II.1.2 Comment approcher l’interprétation ?

II.1.2.2 Le comment, et non la finalité

Dans une majorité de films et conformément au schéma du modèle de processus de la communication filmique que propose Sol Worth, le réalisateur souhaite créer une œuvre dont le sens soit reconnaissable et identifiable par certains publics ou, le cas échéant, par le plus grand nombre. Dans le cas du film de fiction, qui nous intéresse plus particulièrement dans cette recherche, nous comprenons la situation de communication filmique comme une situation qui permet incontestablement une certaine effectivité202 de la prise en compte

de l’histoire par le spectateur. Cela suppose d’ailleurs au cours du processus de création, que les énonciateurs de la production mettent en œuvre, pendant la conception et la réalisation du film, une certaine démarche d’expertise phénoménologique dans laquelle ils imaginent, en tentant d’endosser différents interprétants, ce que les spectateurs peuvent comprendre. Néanmoins, les variables, qui entourent cette situation, ne rendent pas intéressante pour la démarche engagée dans cette recherche, une quelconque tentative d’analyse des similitudes entre le film et le fruit des interprétations. De ce fait, il n’est jamais question ici d’établir une quelconque comparaison point par point entre les réalités de premier et de second ordre.
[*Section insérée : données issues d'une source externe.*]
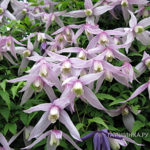 Клематис (Ломонос) альпийский Вилли (1) - Цветки нежно-розовые, колокольчатые, одиночные, диаметром 4-6 см, на длинных цветоносах. После цветения формируются пучки семянок с длинными пушистыми остями. Цветет в мае-июне. Высота 2,5 м.
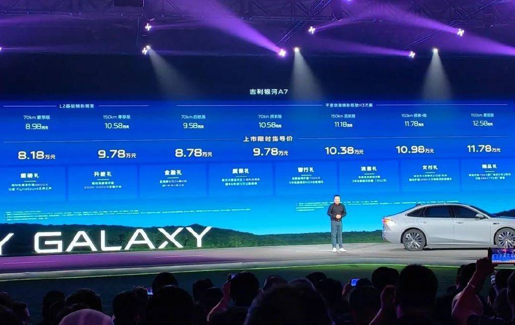作為“電混家轎顛覆者”的吉利銀河A7基于GEA全球智能新能源架構(gòu)打造,于8月8日正式上市,共推出7款車型,售價區(qū)間為8.98-12.58萬元,限時指導(dǎo)價8.18-11.78萬元,較原價直降8000元,更比秦L DM-i的起售價低1.8萬元。這一顛覆性定價策略不僅擊穿了混動家轎長期固守的10萬元心理防線,更將B+級混動轎車的門檻拉至燃油A級車區(qū)間(如軒逸、朗逸),形成跨維度競爭。

L’objectif n’est donc pas de chercher à comprendre, à partir de combinaisons d’éléments présents dans le film (fussent-ils présentés de manière systémique), la chose qui aurait dû être comprise, ou devrait être comprise. En d’autres termes, nous ne nous arrêtons pas de manière statique sur l’objet final de l’interprétation c’est-à-dire au résultat en tant que tel. Nous ne cherchons pas à comprendre si l’acte de communication est efficace.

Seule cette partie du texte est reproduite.